Benim bu soruya kişisel yanıtım ikincisinin doğru olduğu şeklinde.
Refah Partisi’nin yöneticileri kendi istedikleri İslami düzenin kurulması için siyasi çalışma yaptılar. Aynı şekilde Tayyip Erdoğan da öyle…
İslami esaslara dayanan bir toplum biçimini özlediklerini çekinmeden söylediler. Demokrasinin kendilerine (ve bu arada toplumun öteki kesimlerine de) verdiği bir hakkı, fikirlerini açıkça savunma ve söyleme hakkını demokratik rejimi yıkmak için kullanmakta tereddüt göstermediler.
Bu açıdan Herri Batasuna yöneticileri ile bir benzerlikleri var.
Ancak bizim mahkemelerimizin kanıtlayamadığı şey (eksik soruşturmadan ya da bilmediğimiz başka sebeplerden dolayı) söz konusu fikirlerin toplumun diğer kesimlerine zorla kabul ettirilmesiyle ilgili bir faaliyet içinde olup olmadıklarıdır.

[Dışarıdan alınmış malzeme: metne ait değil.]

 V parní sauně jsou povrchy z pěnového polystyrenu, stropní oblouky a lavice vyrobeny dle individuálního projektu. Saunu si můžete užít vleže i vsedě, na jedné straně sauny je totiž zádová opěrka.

Bu kanıtlanamadığı içindir ki, RP’li yöneticiler ve Erdoğan demokratik bir hakkı kullanırken suçlu durumuna düşürülen mağdurlar haline geliyorlar.

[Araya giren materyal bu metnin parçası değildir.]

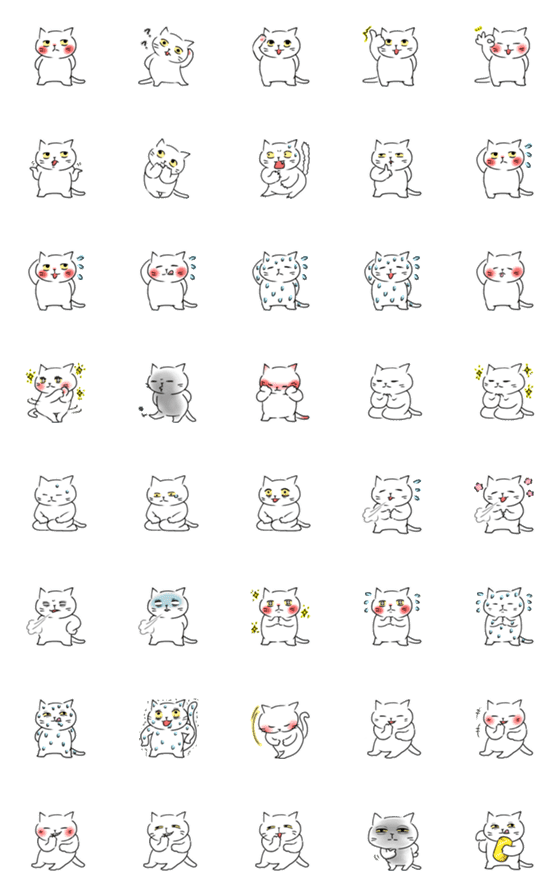 ちょっとふてぶてしい白猫がいろんな気持ちを体現。日常でよく使う、微妙なニュアンスの白猫。文末に添付して可愛がってあげてください。
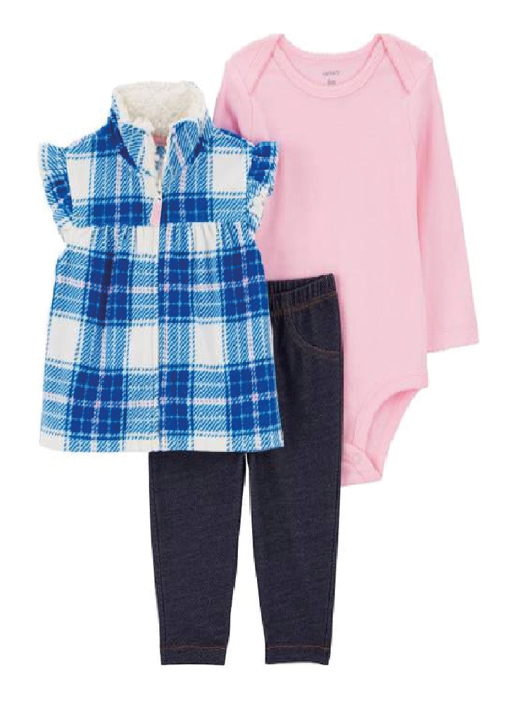 Diseñado con tres piezas en una, este conjunto se completa con un chaleco con cremallera, un body de manga larga y un par de pantalones fáciles de poner para una apariencia súper linda.
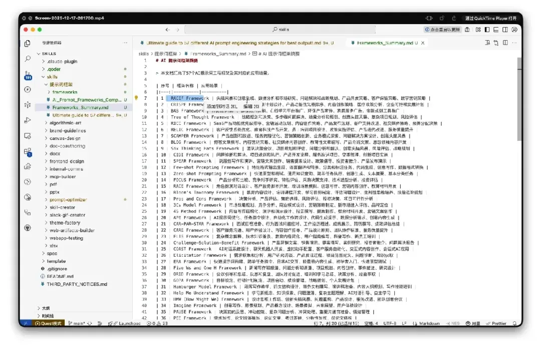 注:原本的“提示词框架”文件夹其实已经被修改为“prompt-optimizer” skill,只是为了让大家理解所以重新 Copy 进来。

İslami rejim yandaşlarına karşı cumhuriyeti ve demokrasiyi savunduklarını söyleyenler, her şeyden önce bu iddialarıyle tutarlı olmak zorundadırlar.
Demokrasi, bazı insanların demokratik hakları kısıtlanarak korunamaz. Tam tersine demokrasi, demokrasi bilinci yaygınlaştırılarak, demokratik hakların kullanımı teşvik edilerek korunabilir, geliştirilebilir.
Demokratik hak kullanımı görüntüsü altında topluma zorla bazı şeyleri kabul ettirmek isteyenlere karşı gerekli önlemleri almak da devletin görevidir. İslamcı örgütlere karşı bu tür bir soruşturma sürdürüldüğünü hiç duydunuz mu?